▶ SUPPLIED MATERIAL:
.....

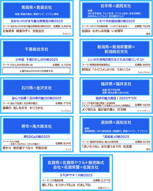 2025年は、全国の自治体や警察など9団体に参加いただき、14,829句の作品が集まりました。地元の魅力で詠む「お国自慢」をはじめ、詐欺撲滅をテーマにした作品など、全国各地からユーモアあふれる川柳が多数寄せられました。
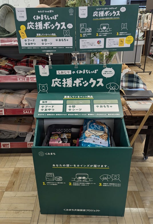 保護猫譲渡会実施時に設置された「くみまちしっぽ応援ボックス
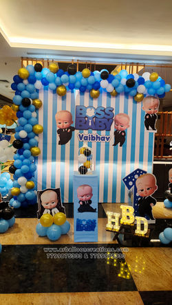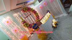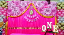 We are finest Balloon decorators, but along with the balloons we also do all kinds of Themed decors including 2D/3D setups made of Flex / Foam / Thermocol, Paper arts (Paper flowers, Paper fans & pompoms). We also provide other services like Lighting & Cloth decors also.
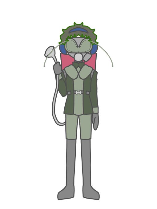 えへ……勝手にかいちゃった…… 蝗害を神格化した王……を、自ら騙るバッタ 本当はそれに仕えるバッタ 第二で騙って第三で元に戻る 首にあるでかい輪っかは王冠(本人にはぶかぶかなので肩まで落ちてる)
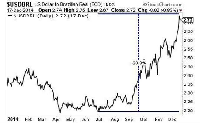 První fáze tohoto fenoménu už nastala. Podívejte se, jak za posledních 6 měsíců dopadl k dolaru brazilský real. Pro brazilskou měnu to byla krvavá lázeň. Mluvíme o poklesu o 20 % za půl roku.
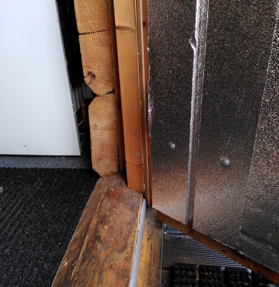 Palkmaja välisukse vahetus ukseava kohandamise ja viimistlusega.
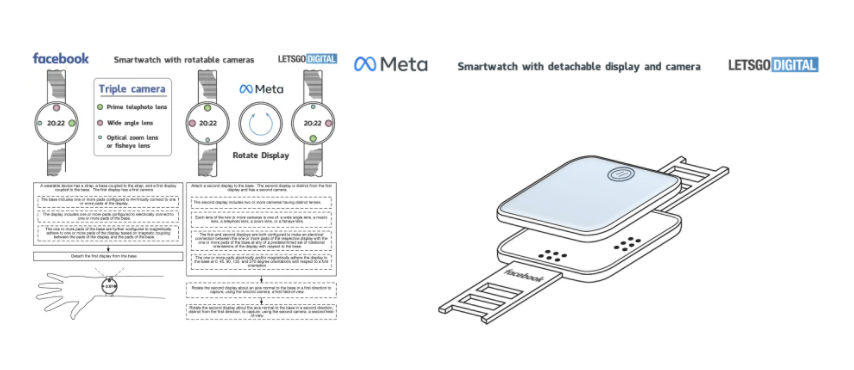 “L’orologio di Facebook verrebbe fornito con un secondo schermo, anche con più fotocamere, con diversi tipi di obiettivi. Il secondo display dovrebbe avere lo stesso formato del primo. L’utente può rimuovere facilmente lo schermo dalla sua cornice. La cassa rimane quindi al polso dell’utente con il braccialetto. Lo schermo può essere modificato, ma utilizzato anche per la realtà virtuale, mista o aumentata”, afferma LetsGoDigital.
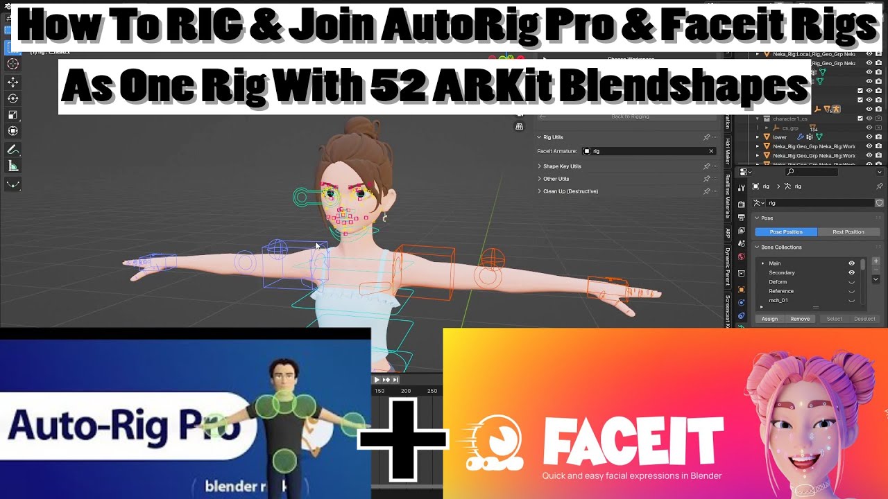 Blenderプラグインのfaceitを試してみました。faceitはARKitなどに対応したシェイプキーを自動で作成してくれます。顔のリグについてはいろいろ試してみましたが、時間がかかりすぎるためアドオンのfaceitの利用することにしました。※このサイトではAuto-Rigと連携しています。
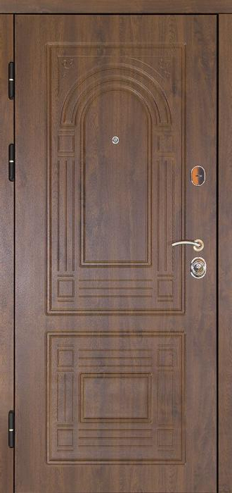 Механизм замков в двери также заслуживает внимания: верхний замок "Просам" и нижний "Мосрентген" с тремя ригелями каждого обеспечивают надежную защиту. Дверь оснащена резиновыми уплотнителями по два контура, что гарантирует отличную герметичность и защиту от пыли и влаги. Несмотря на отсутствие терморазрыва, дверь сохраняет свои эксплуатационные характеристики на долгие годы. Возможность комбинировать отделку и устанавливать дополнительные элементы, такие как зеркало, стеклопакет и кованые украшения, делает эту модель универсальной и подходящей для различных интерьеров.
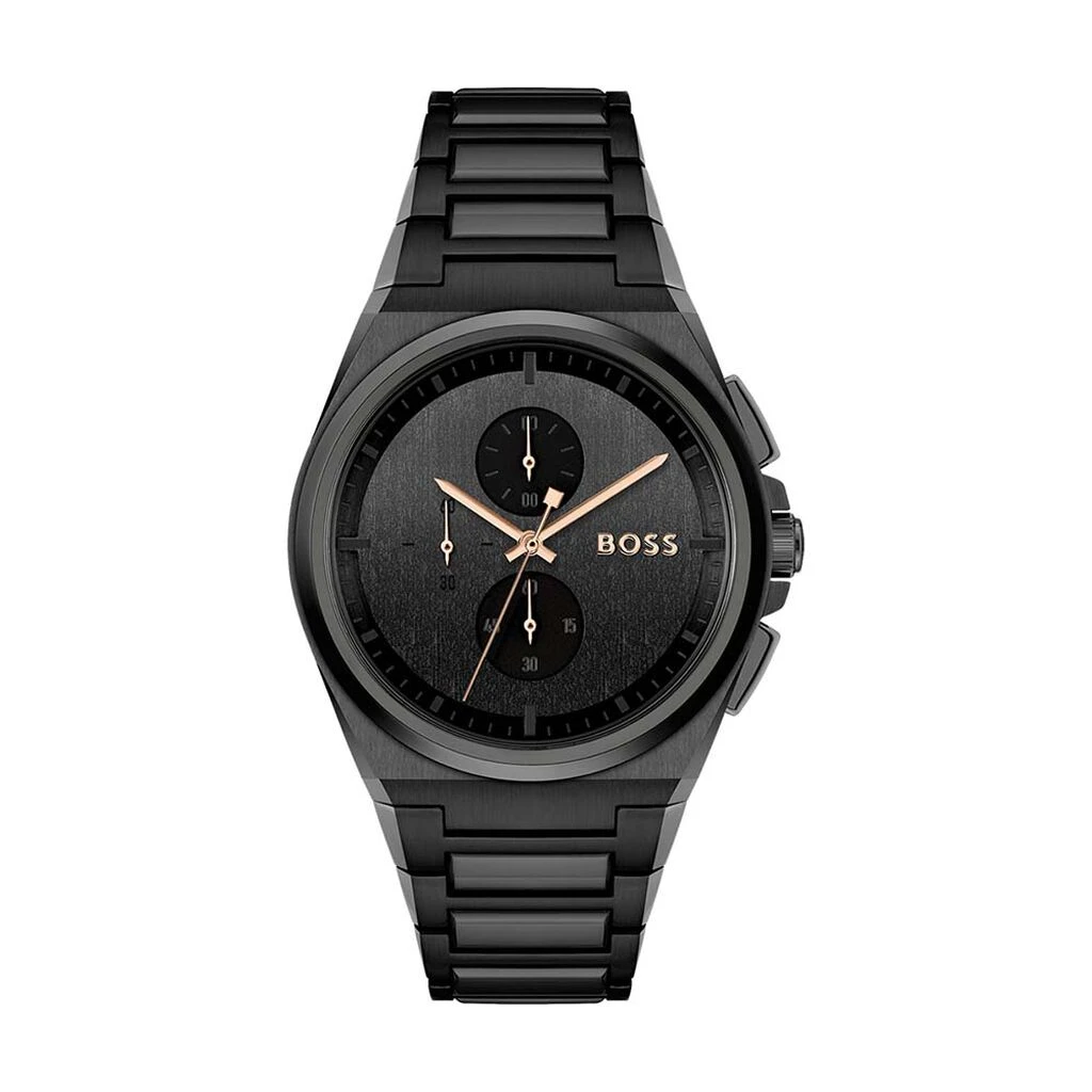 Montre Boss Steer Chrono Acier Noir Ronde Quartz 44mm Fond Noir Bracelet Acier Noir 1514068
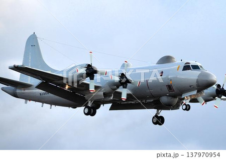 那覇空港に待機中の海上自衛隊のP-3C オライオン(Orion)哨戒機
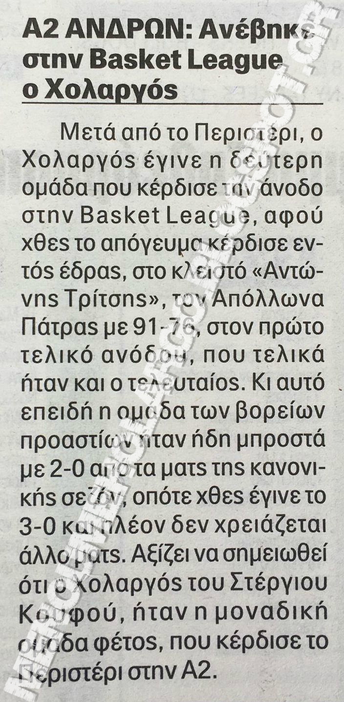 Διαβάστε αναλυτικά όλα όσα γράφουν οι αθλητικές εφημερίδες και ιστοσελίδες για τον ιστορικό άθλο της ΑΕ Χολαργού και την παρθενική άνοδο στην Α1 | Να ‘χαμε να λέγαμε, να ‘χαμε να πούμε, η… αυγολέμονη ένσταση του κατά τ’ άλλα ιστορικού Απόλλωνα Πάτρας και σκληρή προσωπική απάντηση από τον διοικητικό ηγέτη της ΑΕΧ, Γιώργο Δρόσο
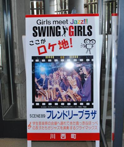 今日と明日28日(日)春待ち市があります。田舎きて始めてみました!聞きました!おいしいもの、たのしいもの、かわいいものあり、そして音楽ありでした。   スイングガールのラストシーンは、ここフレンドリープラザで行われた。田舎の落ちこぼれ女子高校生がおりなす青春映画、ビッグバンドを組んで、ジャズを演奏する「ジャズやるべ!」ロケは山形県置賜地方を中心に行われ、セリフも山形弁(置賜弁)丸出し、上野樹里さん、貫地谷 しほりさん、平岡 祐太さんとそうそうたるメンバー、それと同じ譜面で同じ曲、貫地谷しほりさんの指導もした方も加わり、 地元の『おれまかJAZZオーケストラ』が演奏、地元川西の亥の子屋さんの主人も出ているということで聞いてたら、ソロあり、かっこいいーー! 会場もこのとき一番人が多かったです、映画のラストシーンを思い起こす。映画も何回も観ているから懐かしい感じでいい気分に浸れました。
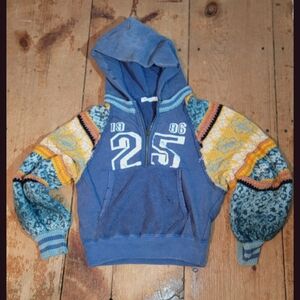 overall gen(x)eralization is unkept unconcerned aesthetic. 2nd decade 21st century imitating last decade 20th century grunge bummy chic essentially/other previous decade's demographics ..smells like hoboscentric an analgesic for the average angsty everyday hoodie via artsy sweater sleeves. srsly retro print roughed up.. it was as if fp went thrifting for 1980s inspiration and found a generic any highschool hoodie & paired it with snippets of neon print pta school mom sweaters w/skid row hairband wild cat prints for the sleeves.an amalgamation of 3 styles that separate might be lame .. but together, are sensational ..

.....

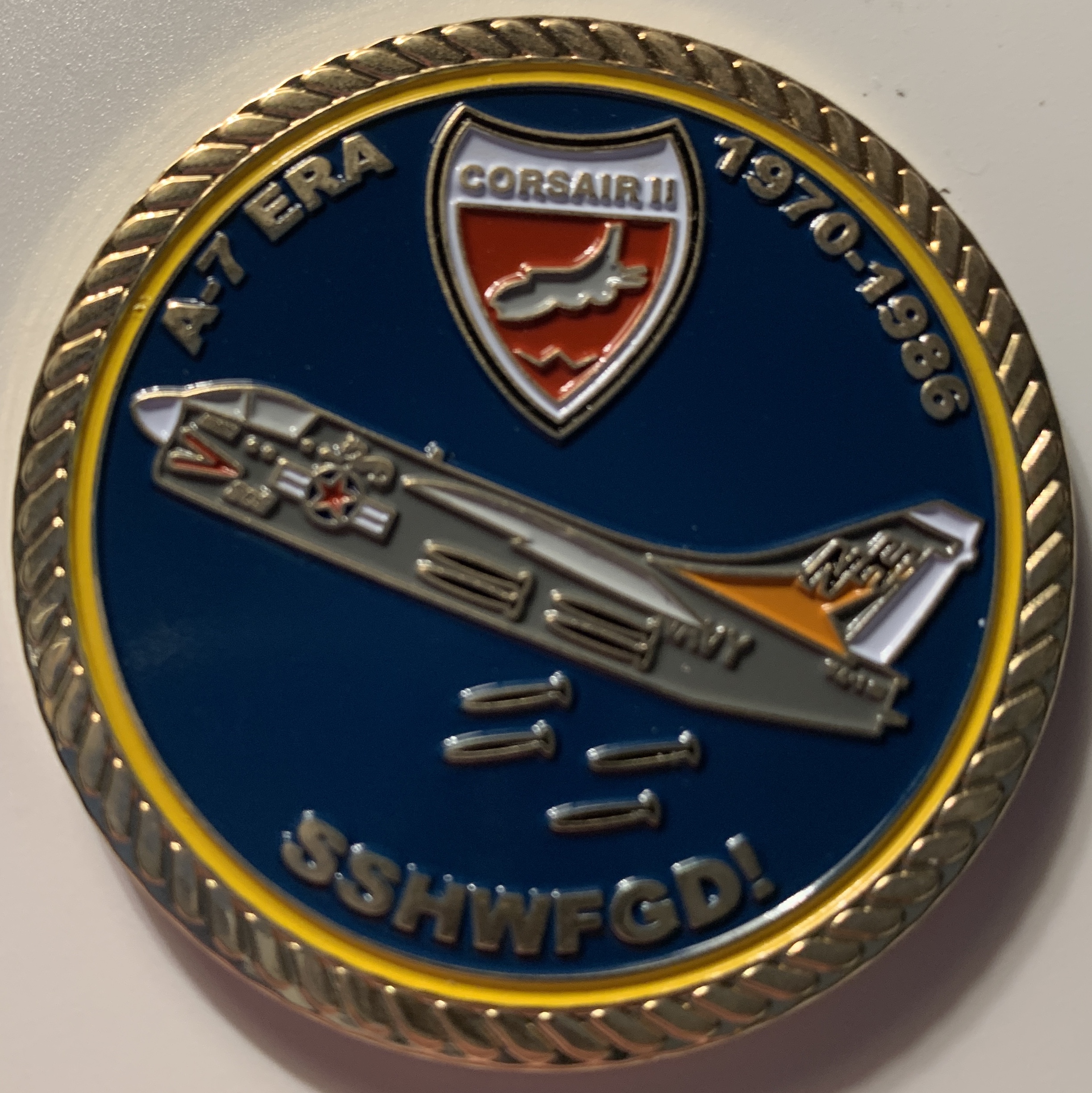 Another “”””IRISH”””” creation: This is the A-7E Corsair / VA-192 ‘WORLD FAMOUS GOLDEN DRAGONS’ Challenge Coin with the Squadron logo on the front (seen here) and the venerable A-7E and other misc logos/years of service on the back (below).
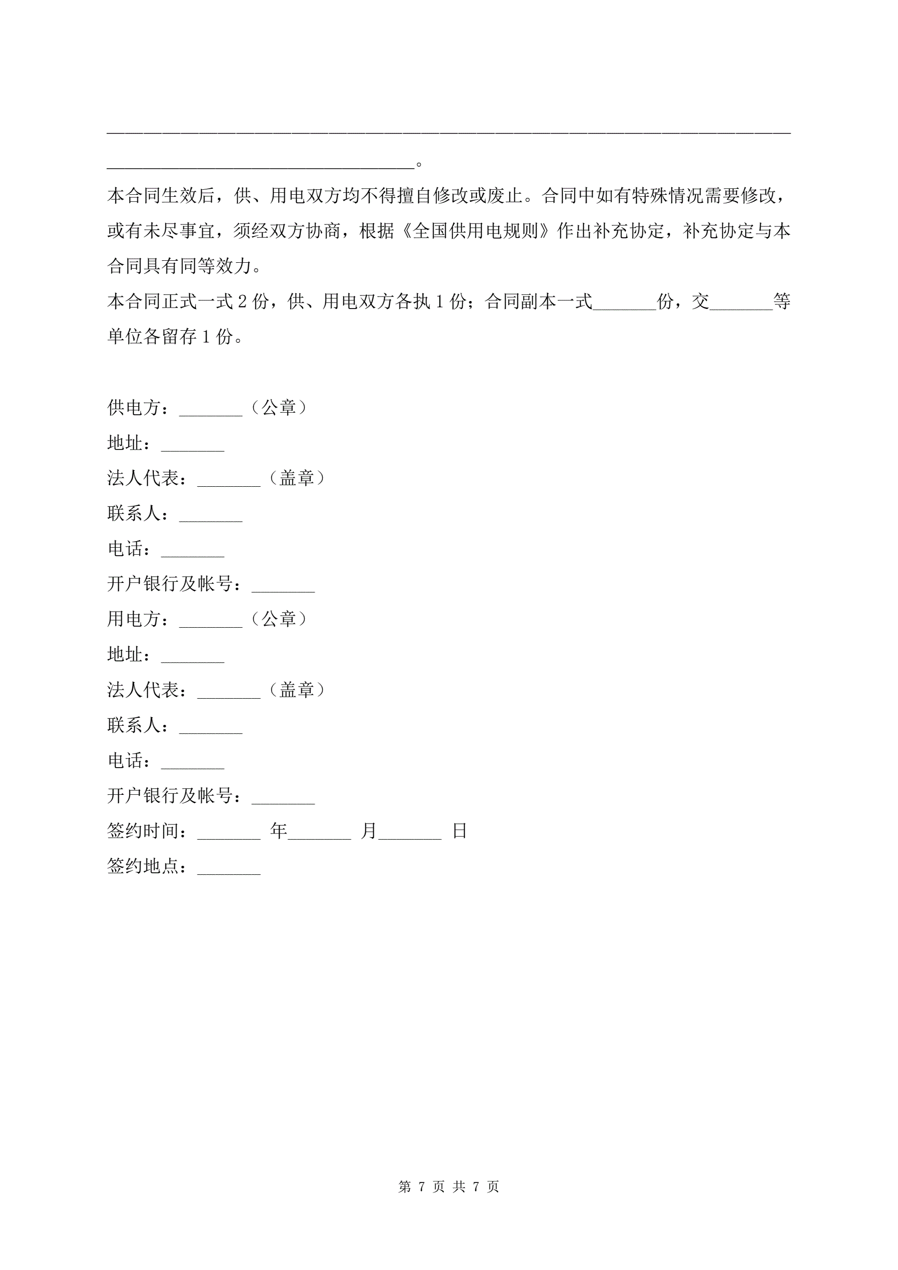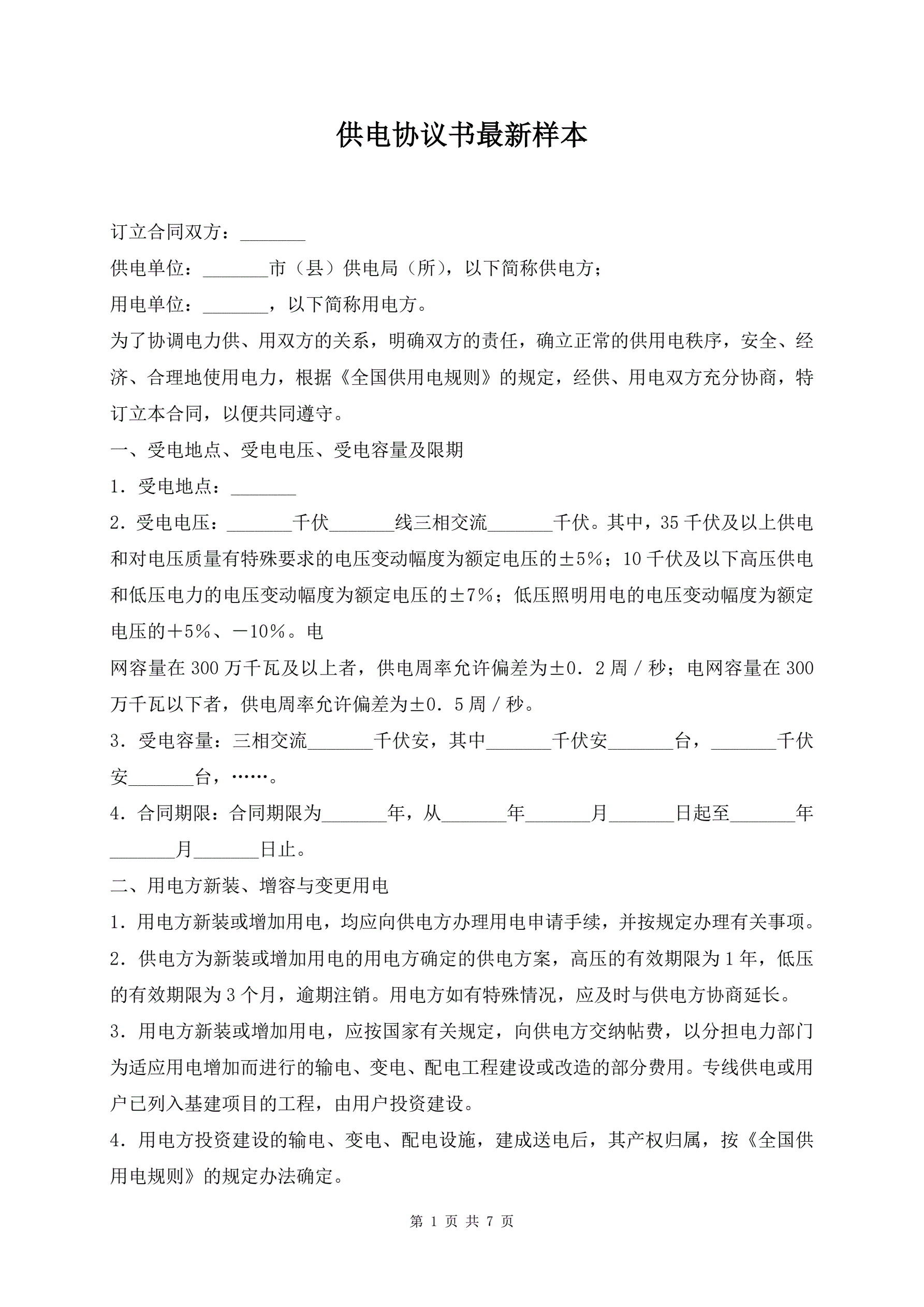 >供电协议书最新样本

.....

Using the entries above, write out exactly the lines from the one with "えへ……勝手にかいちゃった…… 蝗害を神格化した王……を、自ら騙るバッタ 本当はそれに仕えるバッタ" through the one with "První fáze tohoto", ends included. Leave out any pictures.

▶ RESPONSE BOX:
 えへ……勝手にかいちゃった…… 蝗害を神格化した王……を、自ら騙るバッタ 本当はそれに仕えるバッタ 第二で騙って第三で元に戻る 首にあるでかい輪っかは王冠(本人にはぶかぶかなので肩まで落ちてる)
 První fáze tohoto fenoménu už nastala. Podívejte se, jak za posledních 6 měsíců dopadl k dolaru brazilský real. Pro brazilskou měnu to byla krvavá lázeň. Mluvíme o poklesu o 20 % za půl roku.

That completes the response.